Here, we present an improved, fully automated, and empirically tuned implementation of our diagnostic feature extraction algorithm to study and score the fragmentation patterns of modifications. Our approach detects three separate types of diagnostic features—diagnostic ions, peptide remainder masses, and fragment remainder masses—and can be used in any experimental setting, including for the simultaneous characterization of multiple modifications and when only a handful of PSMs are present for a modification. We demonstrate the robustness of our technique by applying it at both massive and small scale, and across synthetic and biological PTMs. Finally, we perform a meta-analysis of diagnostic features and discuss how these can be used to further PTM discovery in diverse settings. Our method has been implemented within PTM-Shepherd23 and is freely available as part of the FragPipe suite of tools (https://fragpipe.nesvilab.org/).

Results

Algorithm overview

The PTM-Shepherd diagnostic feature mining module aims to perform high throughput identification of spectral features that can be used to identify post-translational modifications (PTMs), facilitating the validation or discovery of PTM-specific signals. Probable modifications from an experiment are identified by passing the results of open or mass offset search to PTM-Shepherd. For each MS1 mass shift, PTM-Shepherd identifies enriched diagnostic features across three categories: diagnostic ions; mass shifts from the unmodified, intact peptide ions (peptide remainder masses); and mass shifts from unmodified fragment ions (fragment remainder masses). This module operates in three steps: calculating all possible spectral features for every peptide-spectrum match (PSM) with a particular mass shift, identifying the most abundant spectral features for every identified mass shift within each category, then finally performing statistical tests and filtering to see whether those features can be used to infer the presence of the modification via comparison to unmodified peptides. This module uses as input decharged and deisotoped MGF spectra produced by MSFragger24, so the maximum charge state for all ions in MS/MS spectra is assumed to be one. Spectral ions are normalized to the base peak and only the top 150 peaks are considered (by default).

We illustrate our technique using a cysteine-specific chemical probe19 that we previously analyzed with an early version of the algorithm, identifying all three ion types (Fig. 1a). The first step in our strategy is to calculate all possible diagnostic spectral features for each PSM within a mass shift identified by PTM-Shepherd. Any ions from experimental spectra that do not belong to the peptide are considered potential diagnostic features for the mass shift. To identify recurring features for the mass shift, calculated features for every spectrum from the mass shift are sent to a common histogram. Peaks are identified from here and shuttled to downstream analysis. For diagnostic ions, the unannotated ions from the experimental spectrum are sent to their histogram as they are (Fig. 1a, green). Peptide remainder masses are calculated by computing mass differences between the theoretical, unshifted peptide ion (purple) and all ions in the spectrum (blue). Fragment remainder masses are calculated by iteratively computing mass differences between every theoretical ion from the peptide backbone (purple) and all ions in the spectrum.
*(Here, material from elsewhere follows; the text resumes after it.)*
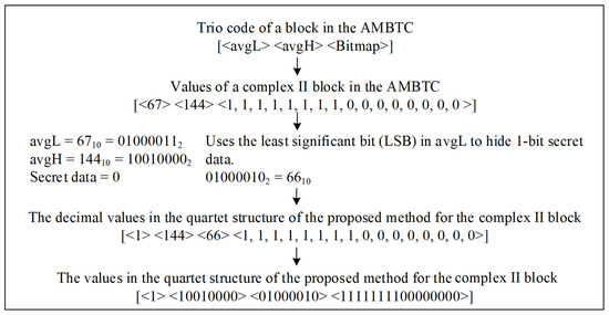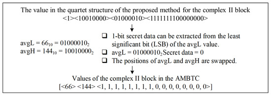 For complex II blocks, the embedding process is illustrated in Figure 8. First, read 1 bit from the secret data to be carried. The 1 secret bit is held by replacing the least significant bit (LSB) of avgL. After embedding is complete, the compression code for the block is defined as [indicator (1 bit), avgH (8 bits), avgL’ (8 bits), bitmap (16 bits)]. Set the indicator as 1 and output the corresponding stego compression code.

Fig. 1: Implementation of the diagnostic feature mining algorithm.
figure 1

a Calculation of all possible diagnostic ions, peptide remainders, and fragment remainders, with the latter two calculated with respect to theoretical unmodified ions, for a synthetic Cys probe of mass 463 Da. Calculated features across spectra are subsequently pooled to find recurring features. Source data are provided as a Source Data file. b Workflow for diagnostic feature selection.
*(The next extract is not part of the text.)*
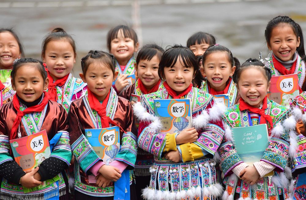 ↑廣西融水苗族自治縣的孩子手捧書本在校園合影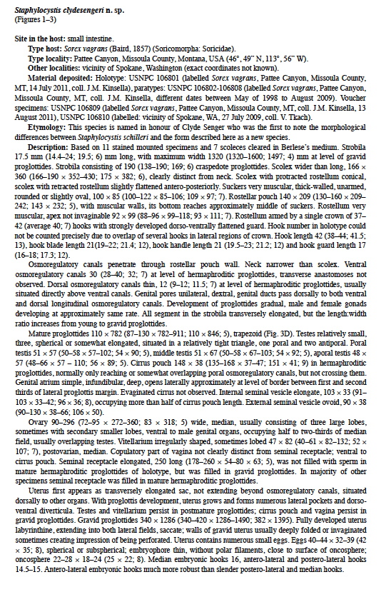Tkach, V. V., A. A. Makarikov, and J. M. Kinsella. 2013. Morphological and molecular differentiation of Staphylocystis clydesengeri n. sp. (Cestoda, Hymenolepididae) from the vagrant shrew, Sorex vagrans (Soricomorpha, Soricidae), in North America. Zootaxa 3691(3): 389-400. (6200) Download PDF |

Finding recurring ions does not mean that they are useful for identifying a mass shift. Our ion set contains features that might be abundant across the entire dataset, so it is necessary to remove baseline noise. We do this by comparing the recovered features from all spectra bearing the mass shift to those of unmodified peptides in bulk as a proxy for dataset background (Fig. 1b). For every feature detected in the prior step, it is quantified across modified and unmodified PSMs, with missing ions or offsets encoded as zeroes. The result is two lists of intensities, from which we can perform statistical tests. Encoding missing ions as zeroes is necessary for this step, but it can also produce a range of non-normal distributions, calling for the non-parametric Mann-Whitney-U test. Features that are significantly different between the modified and unmodified lists are then filtered for sensitivity criteria (minimum prevalence in the modified bin) and mean intensity fold-change between the two bins. Fragment remainder ions undergo an additional layer of filtering for ion formation propensity, where they are required to represent a minimum percentage of the number of ions in their series. True fragment remainder ions can also create “echoes” of their masses that are combinations of the original mass and adjacent amino acids, multiple of which can pass filtering for a mass shift. We correct these by checking for enrichment of adjacent amino acids from the residues the remainder mass is derived from and adjusting the mass accordingly. Because the adjacent residues are pseudo-random in most cases, we also reasoned that any fragment remainder mass less intense than the first corrected mass is likely to be noise. These are also filtered from the result. Additional details about this process can be found in the Methods section.

Re-analyzing the cysteine probe data used for illustration above, we identified all eight diagnostic features—five diagnostic ions (Fig. 1a, green), two peptide remainder masses (Fig. 1a, blue), and one fragment remainder mass (Fig. 1a, red)—that were annotated in the prior study and are high confidence identifications. Furthermore, we also identified two additional diagnostic ions, suggesting improved sensitivity for the empirically tuned and automated algorithm (the full attribute list can be found at Supplementary Table 1).

As has been acknowledged elsewhere20, thorough statistical evaluations of fragmentation pattern detection algorithms are difficult to compute as there are no extant datasets conducive to this analysis. As such, we attempted to evaluate the specificity of the method using a method familiar to proteomics: decoys. We reasoned that datasets with more unique PTMs with uncorrelated diagnostic ions would produce a set of decoy fragmentation patterns that best approximates the feature null distributions. We used a subset of the human proteome published by Wang et al. 25, constructing a shuffled decoy dataset by randomizing the mass shifts of individual PSMs (unshuffled PSM list at Supplementary Data 1a, shuffled PSM list at Supplementary Data 1b). The original and shuffled PSM lists were then searched in parallel. PTM-Shepherd identified 341 diagnostic features from the standard dataset (Supplementary Data 1c), but no features from the shuffled dataset (Supplementary Data 1d), for an \(\widehat{{FDP}}\) of 0. Thus, we demonstrate that our method is robust as well as sensitive.

New protocol characterization

RNA-crosslinking studies also feature labile modifications. Repeating sugar molecules can fragment in myriad ways, frustrating attempts to localize or even identify RNA moieties. Bae et al. recently developed pRBS-ID, an RNA crosslinking workflow utilizing photoactivatable nucleotides and chemical RNA cleavage to overcome these challenges26. Alongside the development of their bench technique, they needed to develop a bespoke computational workflow to identify RNA fragment remainder masses and identify and quantify their host peptides. We believed that this process could be recapitulated by PTM-Shepherd without the need for time-intensive custom workflows, and as such we struck a course to replicate their results for the commonly used 4-thiouridine (4SU) nucleotide analog27.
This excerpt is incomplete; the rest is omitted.